Le rythme de la vengeance, ou quand Eon essaie de se diversifier en proposant un nouveau personnage badass - croisement improbable d'une Justicière façon Charles Bronson qui se serait échappée d'un roman de John Le Carré.
Il aura fallu
attendre près de 52 ans pour que EON productions ose à nouveau faire une
infidélité à James Bond*
en proposant un film hors canon Fleming.
Manque de
chance, ce "Rythm Section" - qui devait à l'évidence augurer
d'une nouvelle série de films consacrés aux aventures de miss Stéphanie Patrick,
sorte de clone moderne de Nikita matinée d'un soupçon d'Executionner à
la Charles Bronson – a fait long feu, malgré un casting intéressant et une
équipe technique au top...
À la base un
thriller signé Mark Burnell, le synopsis du film reprend fidèlement l'intrigue
du roman : après la disparition tragique de sa famille dans un accident
d'avion, où elle aurait dû aussi perdre la vie, Stéphanie Patrick est tombée
dans la dépression, la prostitution et la drogue.

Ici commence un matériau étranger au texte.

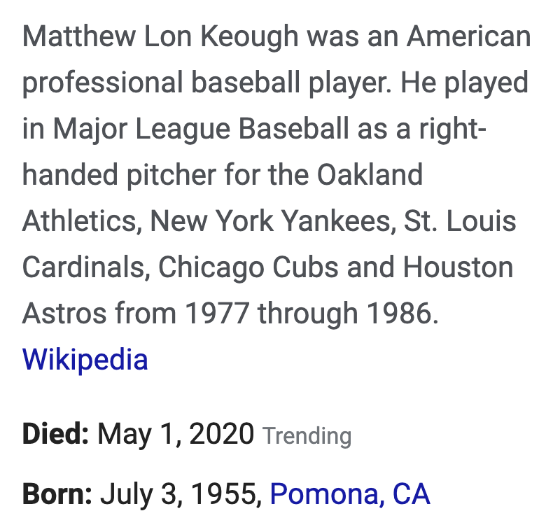 Matt Keough has died May 1, 2020, what is the 121st day of the year in non-leap-years.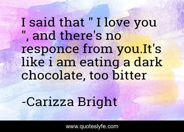 This page presents the quote "I said that " I love you ", and there's no responce from you.It's like i am eating a dark chocolate, too bitter". Author of this quote is Carizza Bright. This quote is about pain, sadness, unloved,.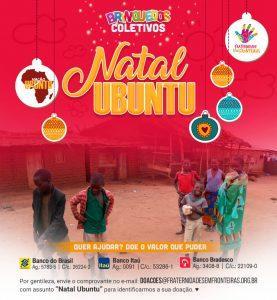 Para que esse sonho que sonhamos juntos possa ser realizado, contamos com você. Sua ajuda, como sempre, é importantíssima para que possamos ajudar a brotar nos nossos pequenos, a leveza de ser criança. Para colaborar é só realizar uma doação avulsa do valor que puder, em qualquer uma das contas da FSF e encaminhar o comprovante para o e-mail doacoes@fraternidadesemfronteiras.org.br com o título “Natal Ubuntu”.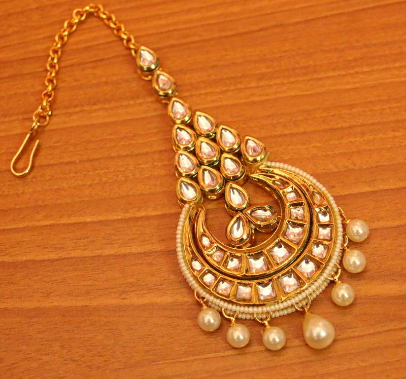 Kundan Meenakari Pearls Wedding Maang Tikka

Un jour, un journaliste,
Keith Proctor, lui prouve que ses proches sont décédés du fait d'une attaque
terroriste, dissimulée et maquillée en crash par le gouvernement.
Avec l'aide
d'un ancien agent du M.I 6, Iain Boyd, elle parvient à retrouver la piste des
commanditaires de l'attentat et entreprend de les traquer...
Malgré – ou
plutôt à cause d'un schéma qui n'évite pas toujours les lieux communs, le film
peine à provoquer l'intérêt du spectateur. S'enchaînent en effet bon nombre de
séquences déjà vues ailleurs (la longue parenthèse de l'entraînement martial
que Stéphanie Patrick accepte de suivre pour devenir une tueuse professionnelle...)
que la mise en scène assez plate de la réalisatrice Reed Morano n'arrive pas à
sublimer.
En gros, on a
l'impression de visionner un (bon) téléfilm, voire même parfois le Pilot d'une
nouvelle série (les rebondissements de l'histoire étant cousus de fil blanc).
Question casting le duo formé entre Blake Lively (qui, teinte en brune et coiffure à la garçonne, a un petit air d’Anne Parillaud très LucBessonien) et Jude Law – toujours impeccable, fonctionne plutôt bien, et l'on évite de tomber dans la caricature type True Lies lorsqu'interviennent les fameux terroristes du moyen orient.
Hélas pour Eon, le film a donc fait un flop mémorable partout où il est sorti – au point d'atterrir directement en vidéo chez nous (alors que plusieurs sites persistent à indiquer une date de sortie nationale en salles en début de cette année, ce qui n'est jamais arrivé), la faute sans doute à une mauvaise interprétation du matériel de base : il ne s'agit en effet pas tant d'un film d'espionnage contemporain (type Vengeance dans la peau et autres Bourneries) mais d'un film dit de "Revenge" (type Justicier dans la ville ou Ange de la Vengeance), un genre beaucoup moins respectable, qui eût donc gagné en véracité en tentant une approche beaucoup plus âpre...
Victime des circonstances actuelles, le film ne trouvera donc pas son public en salles, et ne bénéficiant pas du moindre appui promotionnel de son distributeur français, il y a fort à parier que le titre disparaîtra rapidement des linéaires, vu la quantité de longs métrages qui déboulent chaque semaine directement en V.O.D ou pay-per-view. Une occasion ratée, donc.
* En 1967, le producteur Albert Broccoli décida d'adapter à l'écran le conte pour enfant imaginé par Ian Fleming, Chitty Chitty Bang Bang avec l'aide de nombreuses valeurs sûres de son écurie James Bond.